Evaluation of differentiation potential of menstrual blood-derived stem cells to cardiomyocytes in vitro

Background and Objective: In recent decades, stem cell therapy has been introduced as a novel therapeutic approach for patients suffering from cardiac disorders. Recently, identification of menstrual blood-derived stem cells (MenSCs) as a unique source of stem cell with some characteristics as well as ease of access, high proliferative ability and renewability has created enormous promise for cell therapy.

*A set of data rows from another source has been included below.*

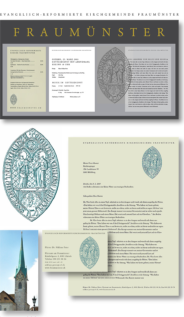 Ein Auftrag mit ewiger Wirkung – Der Renovation vom «Fraumünster» folgt die Beschriftung, dann das CD der Kirchenpflege.
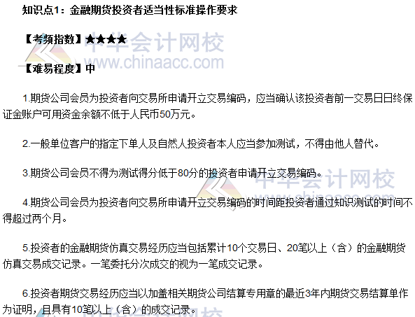 2016年第五次期货从业考试时间为11月19日。为了帮助参加2016年期货从业资格考试的学员巩固知识,提高备考效果,正保会计网校精心为大家整理了期货从业资格考试《期货法律法规》法条二十二“金融期货投资者适当性制度操作指引”相关高频考点供大家学习,希望对广大考生有所帮助,祝大家学习愉快,梦想成真!
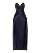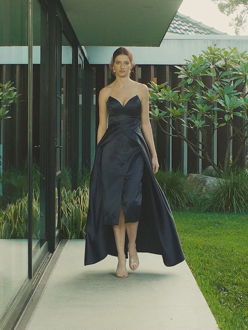 The Sephora Gown is a beautiful and elegant strapless gown, with a sweetheart V-neckline. This silhouette is fitted through the bust and waist and features an A-line skirt overlay with tucks and draping attached at the waist seam. The bodice is structured with boning on the side seams. The Sephora Gown is a perfect statement piece, ideal for your next black-tie event.
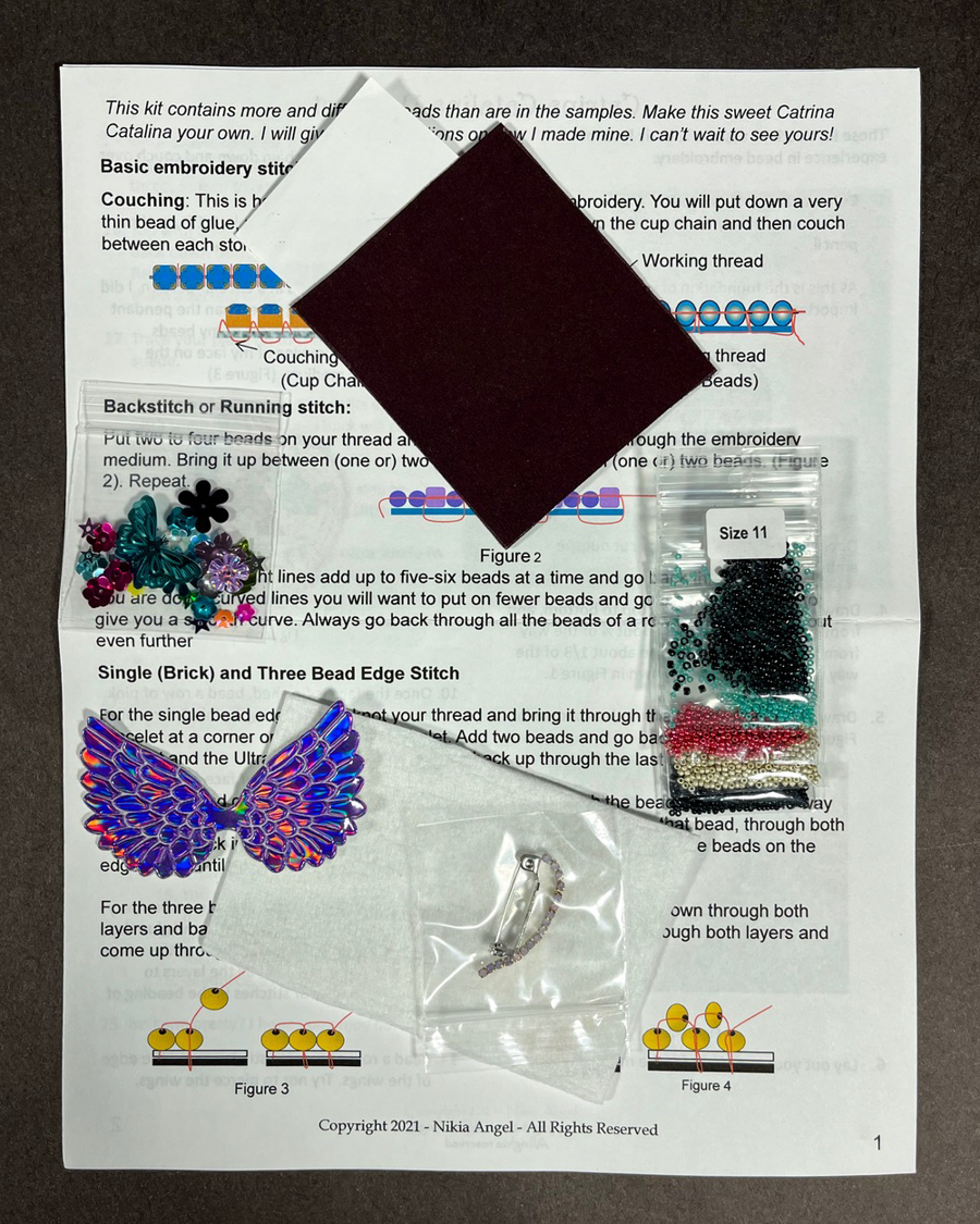 This adorable little brooch or pendant is a show stopper! Fun project makes up quick. I love wearing it on my shoulder. Using basic bead embroidery stitches you will create this charming brooch or. In the kit you will receive enough materials to complete the project. The kit contains a set of holographic angel wings,, a collection of sequins, Japanese seed beads in a variety sizes, Rhinestone cup chain, Embroidery Medium, UltraSuede or metallic leather, and pin back. You will receive full instructions with design instructions and pictures. You will need sharp embroidery scissors, E-6000, white gel pen or pen, needle and thread.
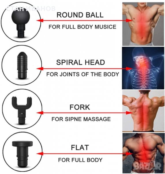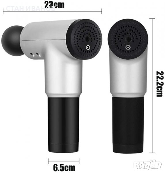 Масажерът е направен в ергономична форма под формата на пистолет, той
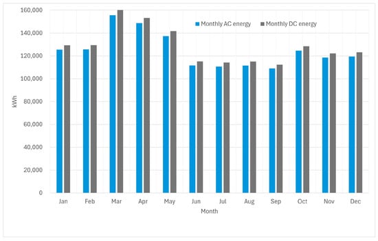 By performing a simulation in the System Advisor Model (SAM) program for Puerto Vallarta with coordinates 20.6084° north latitude and −105.235° longitude, the following information is obtained considering 1,470 600Wp single-facial MFVs, with 18 inverters of 50 kW each, in an-array of 21 MFVs in series with 70 arrays in parallel: an AC energy of 1,498,573 kWh and a DC energy of 1,544,810 kWh would be generated per year. The monthly generation is shown in
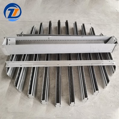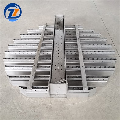 金屬槽盤式液體分布器:是獲獎專利產(chǎn)品,是盤式液體分布器的新進展。之所以稱其為槽盤氣液分布器是因為它是若干個分布槽規(guī)排序后組焊而成的盤式分布器,起到了集液、布液、布氣和側(cè)線采出作用,故取名“槽盤式氣液分布器”。
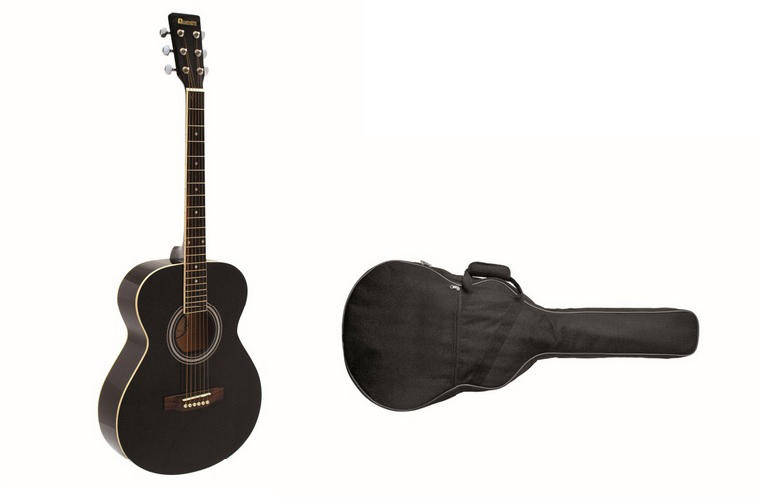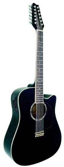 12 húros Western gitár Cutaway test Fedőlap: Hársfa Test: Hársfa Fekete koptató, pick guard Fogólap és híd Blackwood Celluloid berakások 20 bund Fényes polírozás Szín: fekete
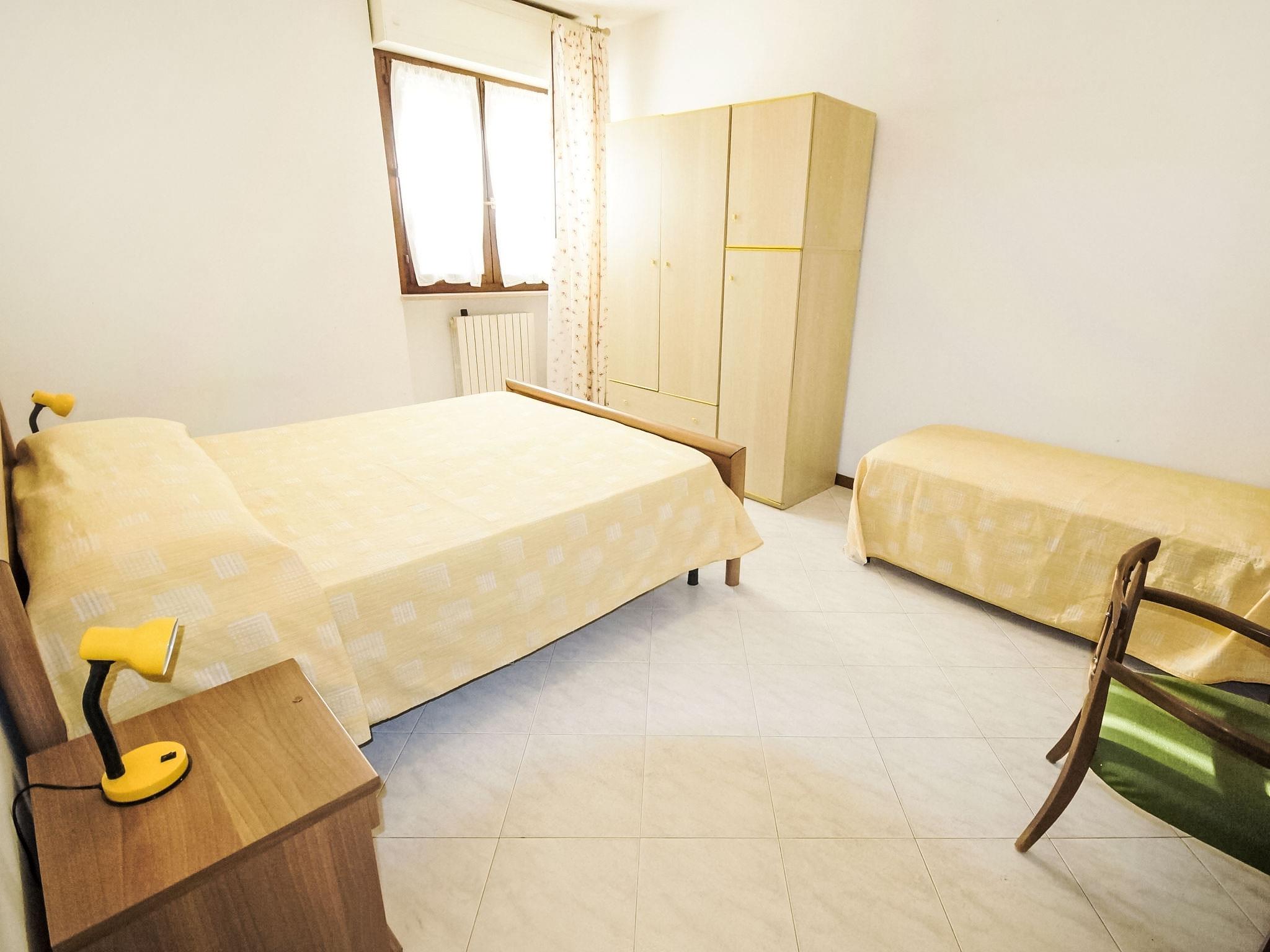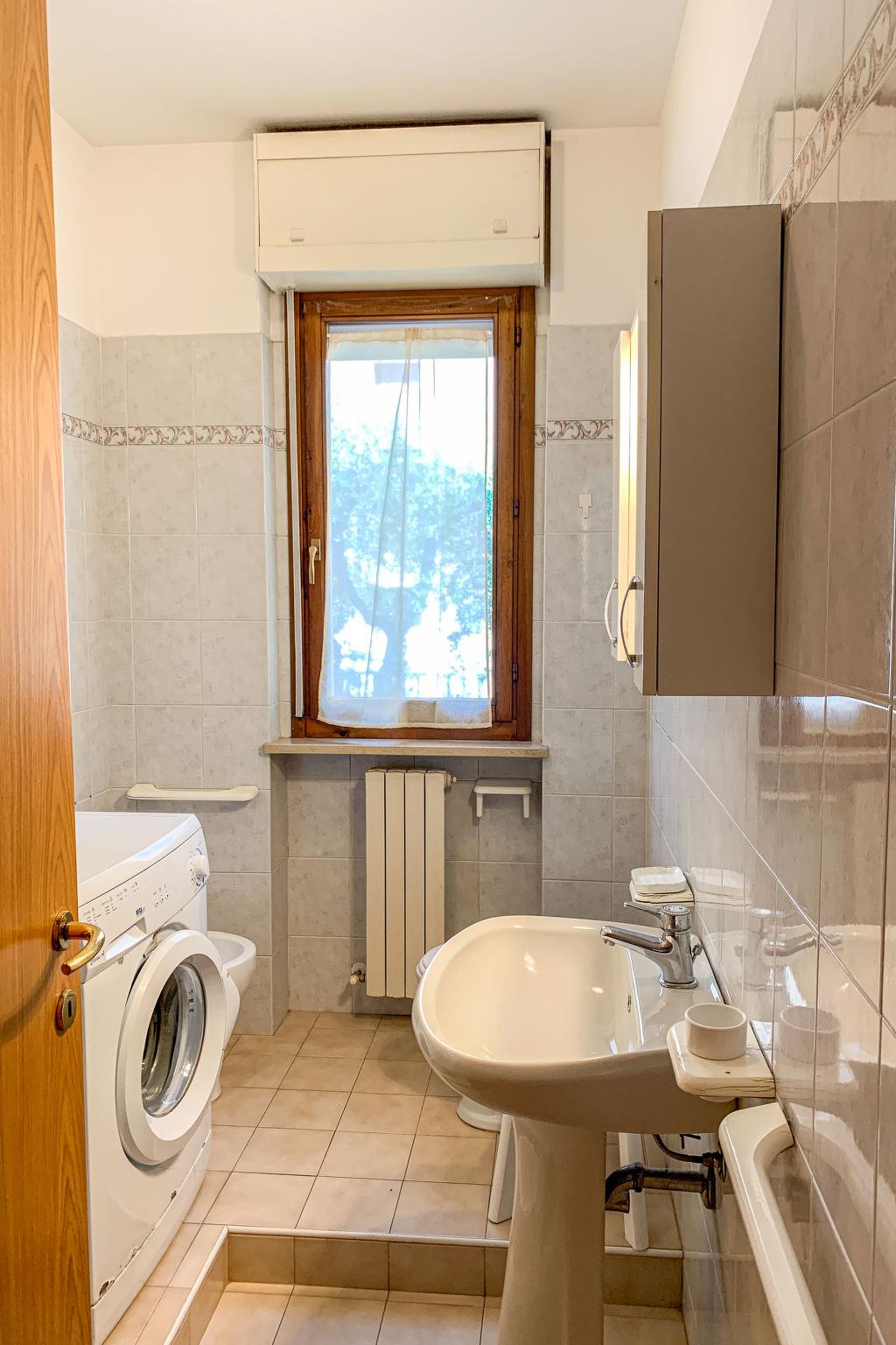 3-room apartment 55 m2, on the ground floor. Practical furnishings: living/dining room with 1 sofabed and TV. Exit to the garden. 1 room with 1 bed and 1 double bed. 1 room with 2 beds. Kitchenette (4 gas rings, microwave). Shower/bidet/WC. Heating, air-conditioning. Heating available only from 01.11. to 15.04. Small garden. Terrace furniture. Facilities: washing machine. Please note: 1 small pet/ dog allowed. Private entrance. IT044066C2XNO5KI2K

Materials and Methods: In this study, differentiation ability of MenSCs into cardiomyocytes has been investigated. After MenSCs immunophenotyping, their differentiation into cardiomyocyte was investigated in the presence of 5-azacytidine and basic-fibroblast growth factor. Then, expression of the putative myogenic cells at mRNA and protein levels was determined by immunofluorescent staining and real-time quantitative PCR.



Results: Based on flow cytometric analysis, the isolated MenSCs typically expressed mesenchymal stem cell markers like CD105, CD73, CD44 and CD166 in parallel to OCT-4 as an embryonic marker. The differentiated MenSCs expressed cardiomyocyte markers at mRNA/protein level. The myogenic cells differentiated from MenSCs were positive for Connexin-43 and troponin T2 (TNNT2) protein. The mRNAs of Connexin-43, Connexin-40, Alpha actinin, Tropomyosin1 and TNNT2 were highly expressed in the differentiated myogenic cells.



Conclusion: Based on our data, MenSCs are a unique cell population with differentiation ability into cells with characteristics commonly attributed to cardiomyocytes.